Trading Heartache for Heartburn (A November to Remember — 11.12.2014)
Today’s Scripture — 11.12.2014
“And they said one to another, Did not our heart burn within us, while he talked with us by the way, and while he opened to us the scriptures?” ~ Luke 24:32
Trading Heartache for Heartburn
I had this huge smile on my face, big enough to hide an avalanche of pain underneath.
The smile was legit. I swear it. I still remember how happy I was to be making my inaugural journey to the Laity Lodge retreat center in Texas. My joy was genuine. I had forged friendships online with writers in Canada and Indiana and Nebraska and West Virginia, and now we’d be together for the first time ever. It was the fall of 2010.

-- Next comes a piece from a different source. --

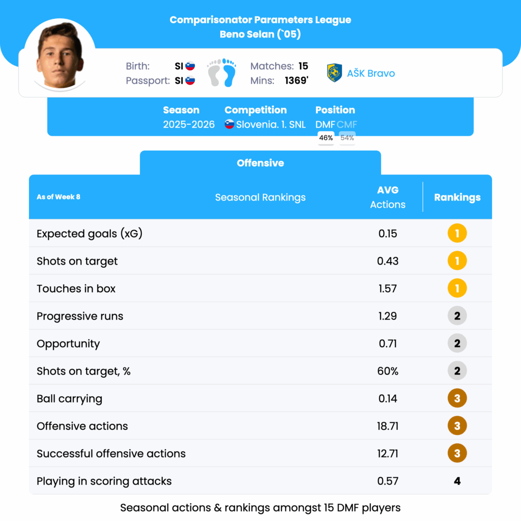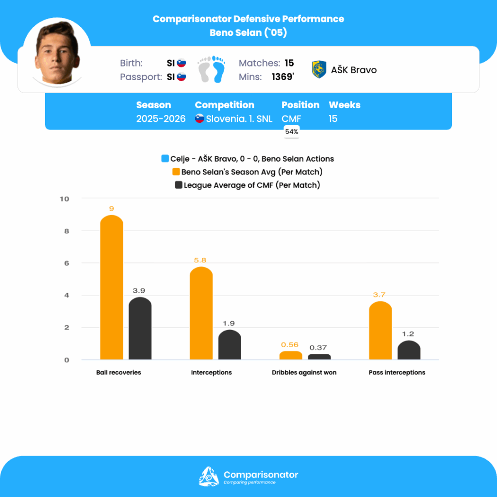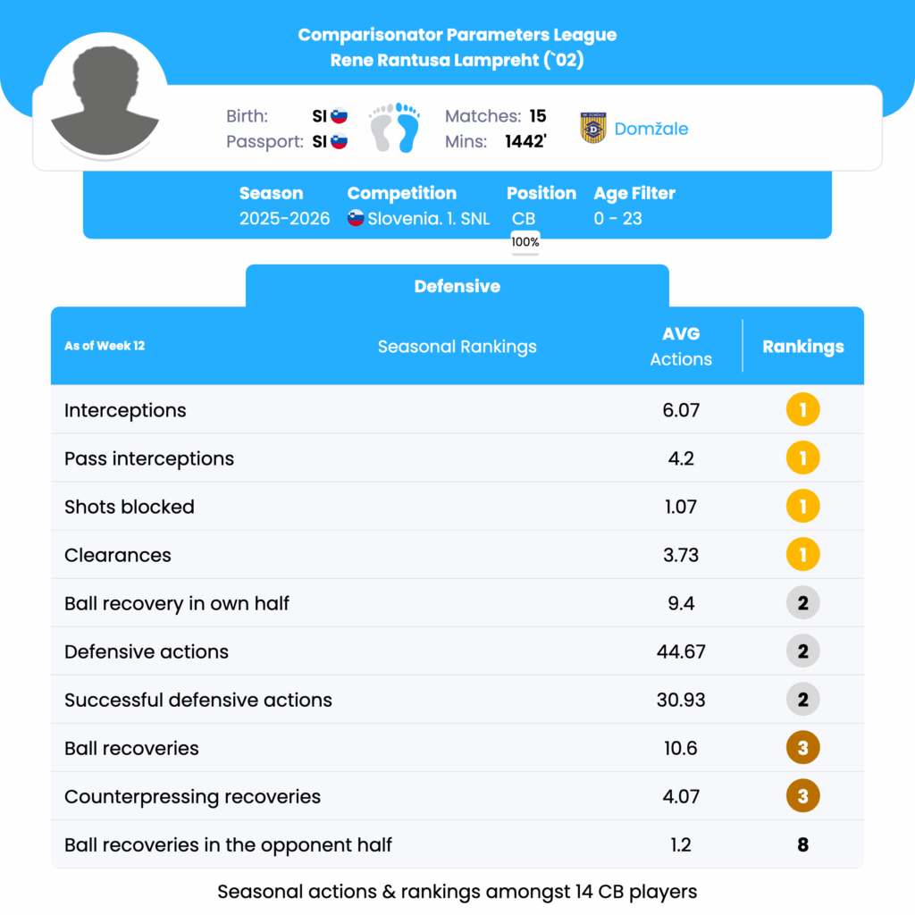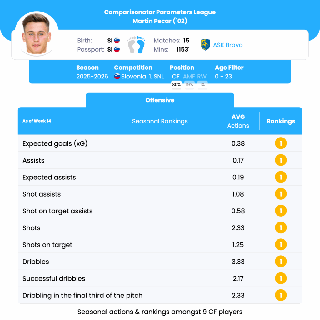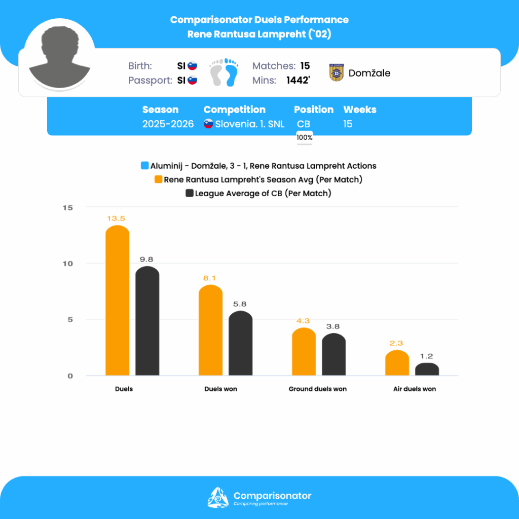 A medida que avanza la 2025/26 Eslovenia 1. SNL, varios jóvenes talentos están dejando huella. He aquí tres destacados jugadores sub23 que han hecho girar cabezas con sus actuaciones. Rene Rantusa Lampreht del Domžale, Beno Selan del AŠK Bravo y Martin Pecar del AŠK Bravo son analizados en base a los datos de la plataforma Comparisonator. Sus impresionantes estadísticas ponen de relieve su influencia sobre el terreno de juego y su potencial para triunfar en el futuro.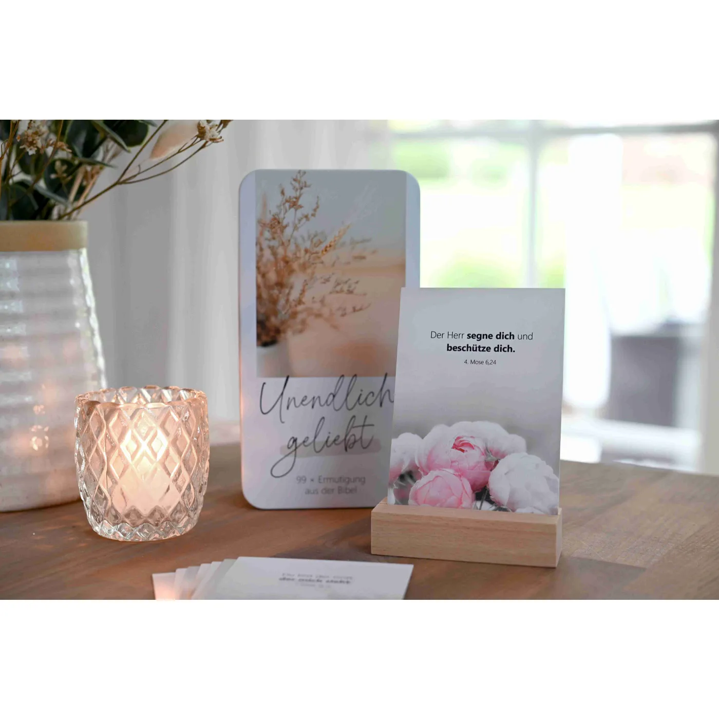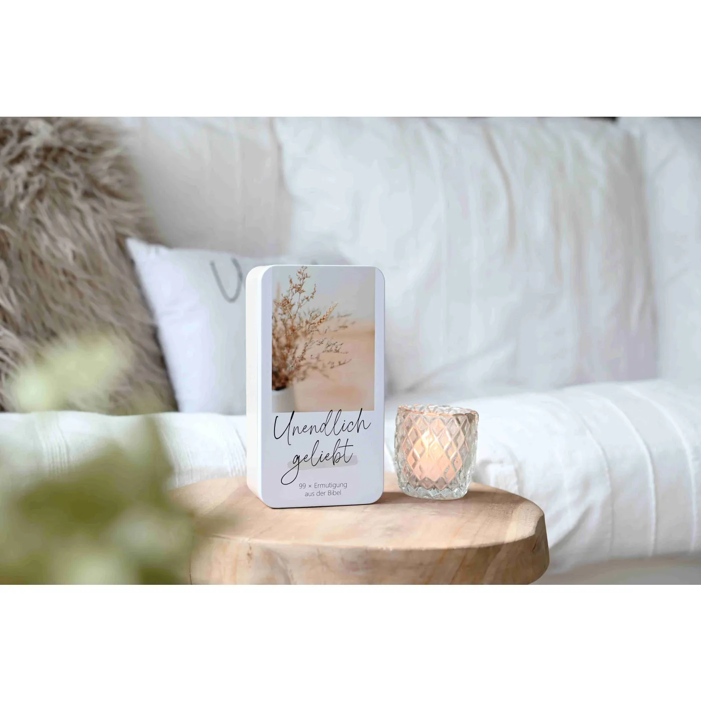 Neu im GerthMedien Verlag erschienen ist diese Blechdose „Unendlich geliebt – 99 x Ermutigung aus der Bibel“.

When that picture was taken, we were driving in the river. Yes, in it. That’s the only way in to Laity Lodge — through the river.
And it was ridiculously fun.
So, yeah, my smile stretched wide and real.
But the smile didn’t tell the whole story.
Underneath, there were layers of heartache, loss, and stress. My smile cloaked grief, dangling from the architecture of my heart. The smile also didn’t reveal how a treasured friend had begun to drift, or how a conflict in ministry was causing us great heartache.
So I took both my heartache and my smile to Laity Lodge that year, but I took great care in which part I’d reveal.
But then Ashley started singing.
She sang hymns, smoky and soulful. This was the voice of a woman who’d felt pain and gone hunting for peace, to find it.
Her voice came at me like a freight train, or a freedom train — I didn’t know which yet. I sank deeper into the couch, while her songs opened me up. I felt raw, excavated, and vulnerable. I also felt a nearness to Jesus. In some way, I could see the hem of His garment, as he picked up the gazillion shattered pieces of my heart, like so many bread crumbs.
My reluctant heart went fluid, straight out my eyes. I came unhinged. It was messy, except for the fact that Jesus was in the room, so that made it beautiful. I could feel him close, like a fire inside of me. Like I’d been busted open by the Gospel.
Ashley sat down next to me on the couch after her last song. And she didn’t act like she knew what a happy wreck I was. Not at first. So I thought I’d gotten away with something. But then she turned toward me. Her eyes studied mine.
“Sorry,” I sniffled. “Can’t stop crying.”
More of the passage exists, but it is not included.